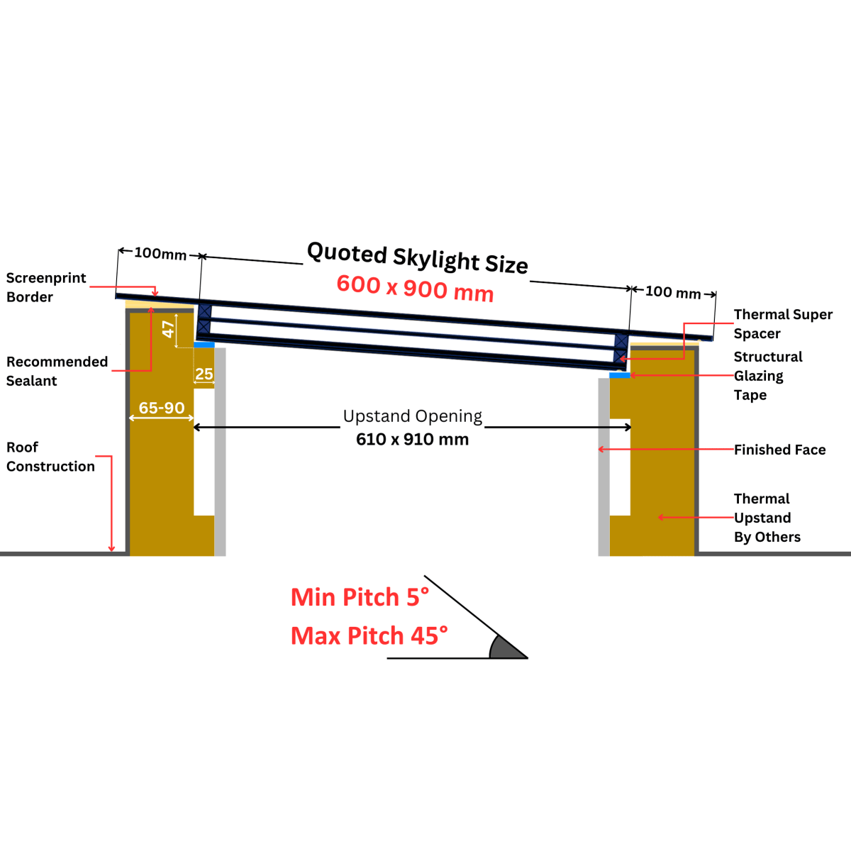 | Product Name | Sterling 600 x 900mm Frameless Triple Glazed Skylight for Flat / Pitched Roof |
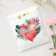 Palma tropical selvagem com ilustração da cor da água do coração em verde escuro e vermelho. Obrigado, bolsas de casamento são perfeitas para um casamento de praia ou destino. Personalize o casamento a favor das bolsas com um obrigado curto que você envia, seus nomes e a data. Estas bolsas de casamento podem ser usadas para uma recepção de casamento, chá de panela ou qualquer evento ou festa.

==

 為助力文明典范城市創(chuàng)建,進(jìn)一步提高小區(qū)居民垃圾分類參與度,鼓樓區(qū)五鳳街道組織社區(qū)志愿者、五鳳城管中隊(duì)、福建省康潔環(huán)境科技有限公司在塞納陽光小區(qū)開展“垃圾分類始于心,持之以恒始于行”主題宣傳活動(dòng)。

* * *

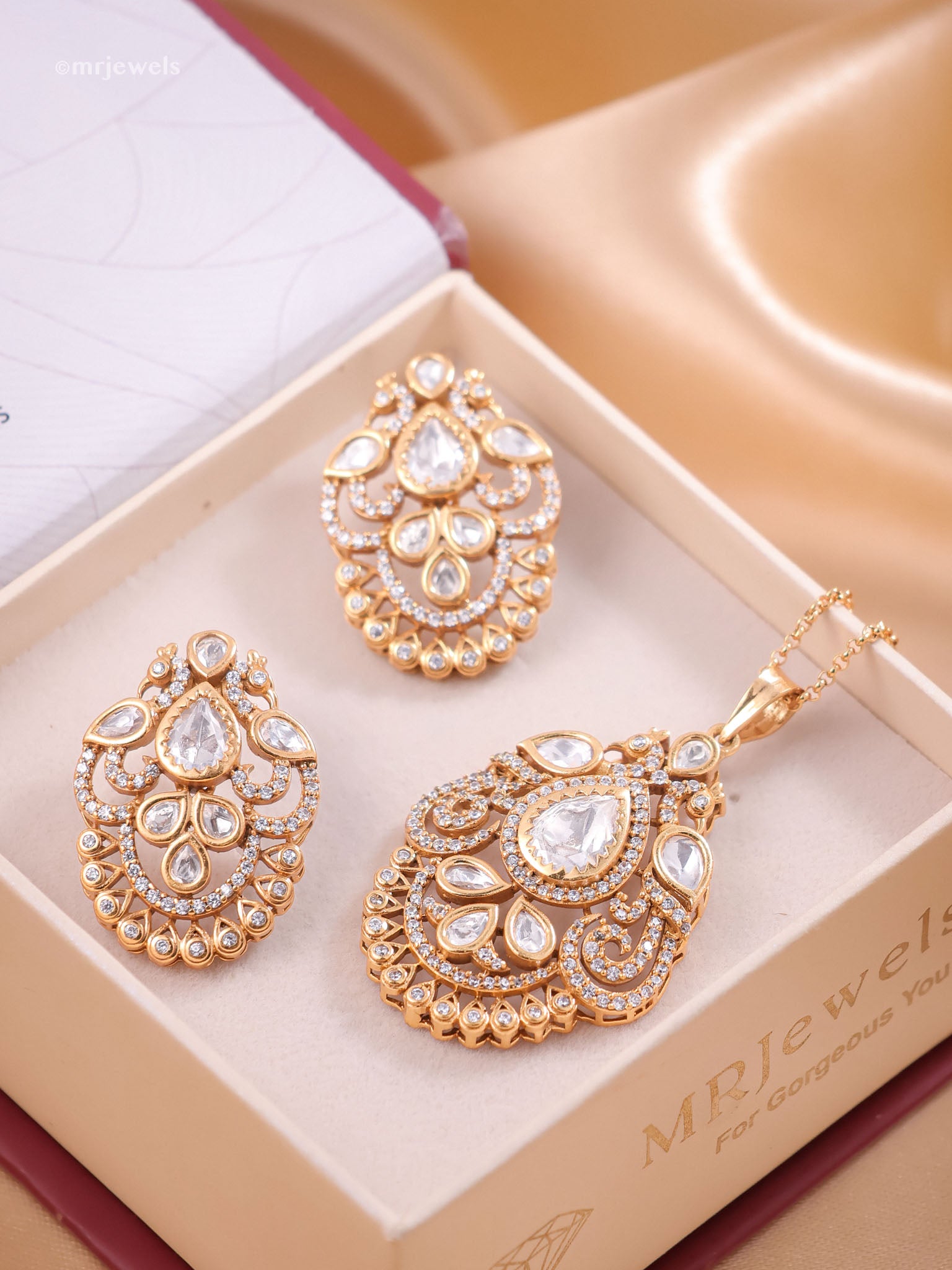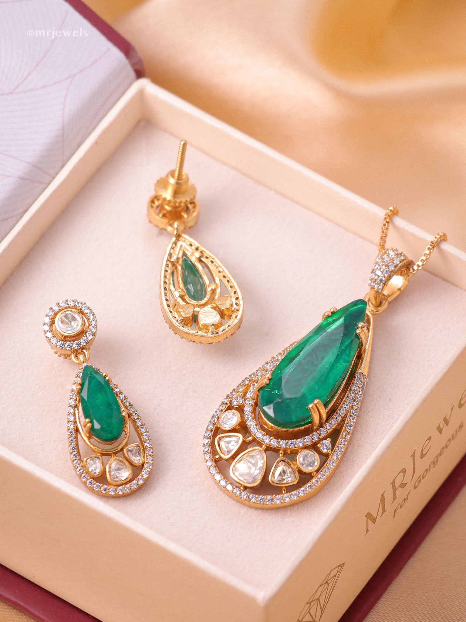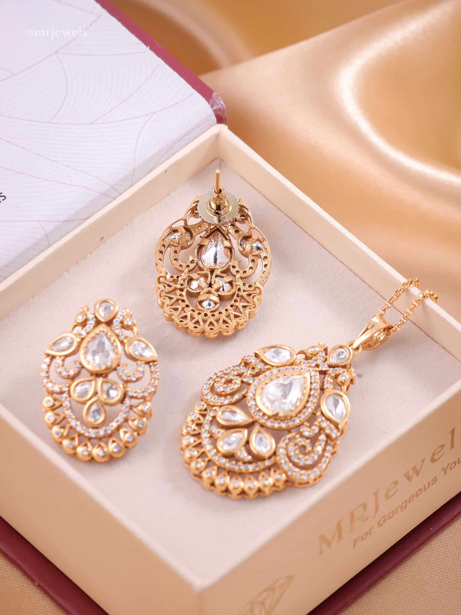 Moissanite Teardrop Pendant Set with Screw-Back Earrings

**Task requirements:** Beginning with the line that contains "Pitched Roof |" and ending with the line that contains "Palma tropical selvagem", reproduce the listing exactly, pictures excluded.

**Written answer:**
 | Product Name | Sterling 600 x 900mm Frameless Triple Glazed Skylight for Flat / Pitched Roof |
 Palma tropical selvagem com ilustração da cor da água do coração em verde escuro e vermelho. Obrigado, bolsas de casamento são perfeitas para um casamento de praia ou destino. Personalize o casamento a favor das bolsas com um obrigado curto que você envia, seus nomes e a data. Estas bolsas de casamento podem ser usadas para uma recepção de casamento, chá de panela ou qualquer evento ou festa.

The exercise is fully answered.